D-Day at the AJC
April 10, 2007 at 12:49 pm by Scott Freeman in NewsIt’s not a good day to be a reporter or editor at the AJC.
Word is the staff is on edge because the powers-that-be are going to inform the staff on Wednesday which jobs will be kept under the paper’s vast re-structuring plan. Staffers fear that those who management likes will keep their jobs, and the ones it doesn’t like will lose theirs.
What I’ve heard is that every person on staff will have to apply to keep his or her job, complete with résumé and a job interview.
If, for example, the AJC decides not to keep a reporter on the City Hall beat, the current person manning that beat can apply for open jobs. Everyone, I’m told, has had to prepare résumés (classes on résumé writing and job interviewing were provided).

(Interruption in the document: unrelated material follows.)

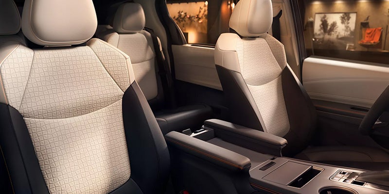 There's room for up to seven or eight in the Sienna, depending on the trim. Features such as three-zone automatic climate control, second-row sunshades, and a power-adjustable driver's seat come standard; moving up through the available trims adds a power-adjustable passenger seat, leather upholstery, and heated seats. Bump up to the Limited for second-row captain's chairs with extendible footrests or to the Platinum for heated second-row seats and premium leather upholstery.

Many will become what staffers disdainfully refer to as “mojos,” short for mobile journalists. They say mojo reporters will be given laptops and sent out into the field to file stream-of-consciousness blogs. And many fear there will be layoffs.
This is, shall we say, an interesting management technique.
As one person said, “I am sure the morale would be higher if they just shot people.”
A former AJCer e-mailed me yesterday: “I left also b/c of the BS. The paper’s thick layer of editors watered down heavy hitting stories so much it didn’t feel like journalism anymore.”











April 10th, 2007 at 4:13 pm
We are witnessing the unraveling of an institution, person by person.
With regard to those who indicated they would take early retirement, I got the following e-mail last Wednesday: “I have until Monday [meaning yesterday] to reconsider, but it is official after that.”